### Problem requirements
Set the listing down exactly; no pictures.
▼
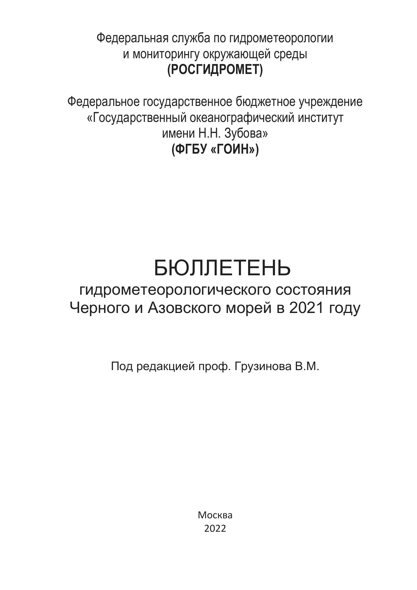 Бюллетень гидрометеорологического состояния Черного и Азовского морей в 2021 году [Текст] : ежегодник / Федеральное государственное бюджетное учреждение "Государственный океанографический институт имени Н.Н.Зубова" (ФГБУ "ГОИН"), 2022. - 268 с.
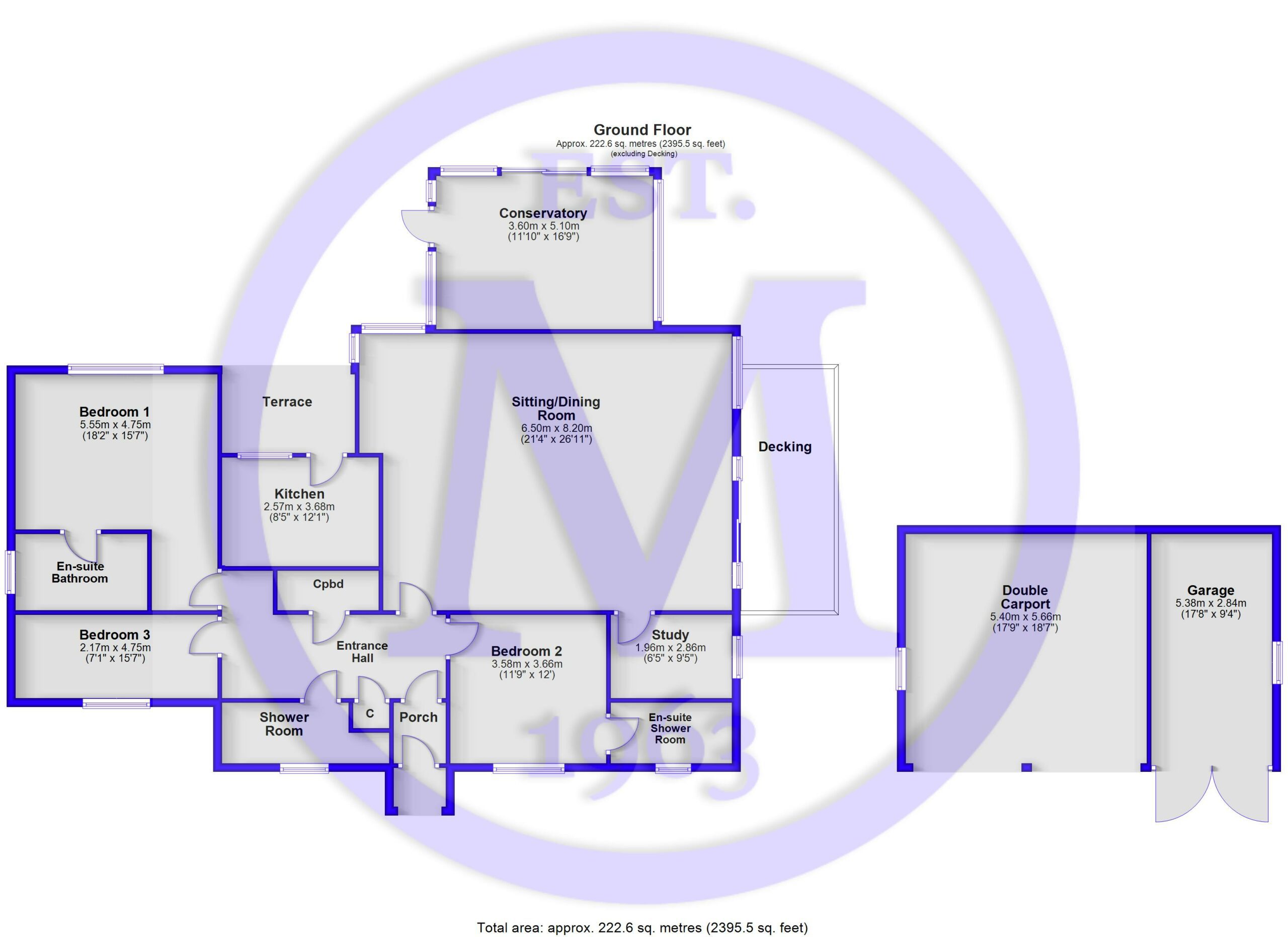 Three double bedrooms, two with en-suite facilities and built-in wardrobes.
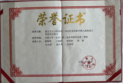 她精通因材施教之道,巧妙融合理論與實踐,讓學生在輕松愉悅的氛圍中領略英語的魅力,評教多次位列全校前茅。她注重培養學生的交際能力,摒棄單一的輸入式教學,轉而采用講練結合的模式,以實現語言交際為目標,讓學生在實踐中自然習得語言。她用心構建“交互式聽講練一體化”教學模式并獲得中國石油大學(北京)第三屆優秀教學成果三等獎。
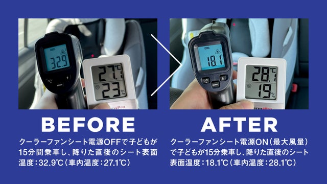 Before:クーラーファンシート電源OFFで子どもが15分間乗車し、降りた直後のシート表面温度:32.9℃(車内温度:27.1℃)
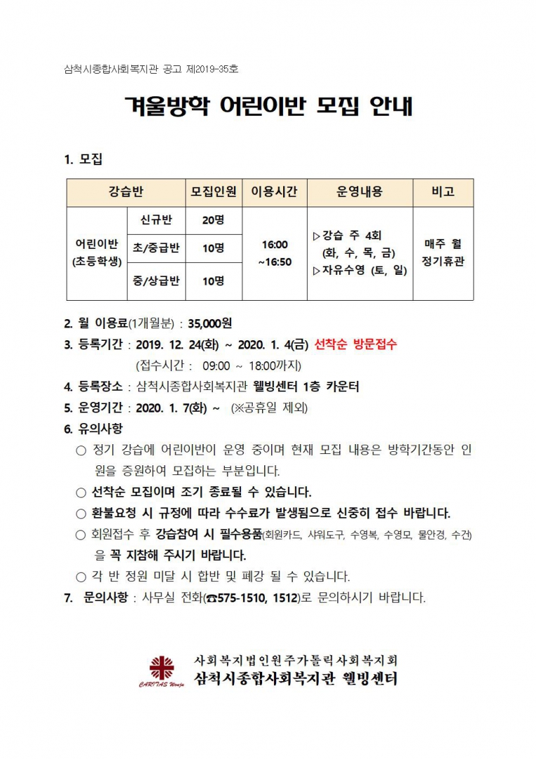 모집공고 삼척시종합사회복지관 웰빙센터 수영장 겨울방학 어린이반 모집 페이지 정보 작성자 심성규 댓글 0건 조회 6,345회 작성일 19-12-23 11:27 목록 게시판 리스트 옵션 검색 본문 페이스북 공유 트위터 공유 이전글2019년 삼척시 종합사회복지관(웰빙센터,푸드뱅크) 2차 추가경정예산안 공고 22.07.20 다음글하하호호 놀이학교 주 양육자 및 지역주민을 위한 부모교육 특강실시 19.12.16 댓글 0 댓글목록 등록된 댓글이 없습니다.
▲
### Task output
 Бюллетень гидрометеорологического состояния Черного и Азовского морей в 2021 году [Текст] : ежегодник / Федеральное государственное бюджетное учреждение "Государственный океанографический институт имени Н.Н.Зубова" (ФГБУ "ГОИН"), 2022. - 268 с.
 Three double bedrooms, two with en-suite facilities and built-in wardrobes.
 她精通因材施教之道,巧妙融合理論與實踐,讓學生在輕松愉悅的氛圍中領略英語的魅力,評教多次位列全校前茅。她注重培養學生的交際能力,摒棄單一的輸入式教學,轉而采用講練結合的模式,以實現語言交際為目標,讓學生在實踐中自然習得語言。她用心構建“交互式聽講練一體化”教學模式并獲得中國石油大學(北京)第三屆優秀教學成果三等獎。
 Before:クーラーファンシート電源OFFで子どもが15分間乗車し、降りた直後のシート表面温度:32.9℃(車内温度:27.1℃)
 모집공고 삼척시종합사회복지관 웰빙센터 수영장 겨울방학 어린이반 모집 페이지 정보 작성자 심성규 댓글 0건 조회 6,345회 작성일 19-12-23 11:27 목록 게시판 리스트 옵션 검색 본문 페이스북 공유 트위터 공유 이전글2019년 삼척시 종합사회복지관(웰빙센터,푸드뱅크) 2차 추가경정예산안 공고 22.07.20 다음글하하호호 놀이학교 주 양육자 및 지역주민을 위한 부모교육 특강실시 19.12.16 댓글 0 댓글목록 등록된 댓글이 없습니다.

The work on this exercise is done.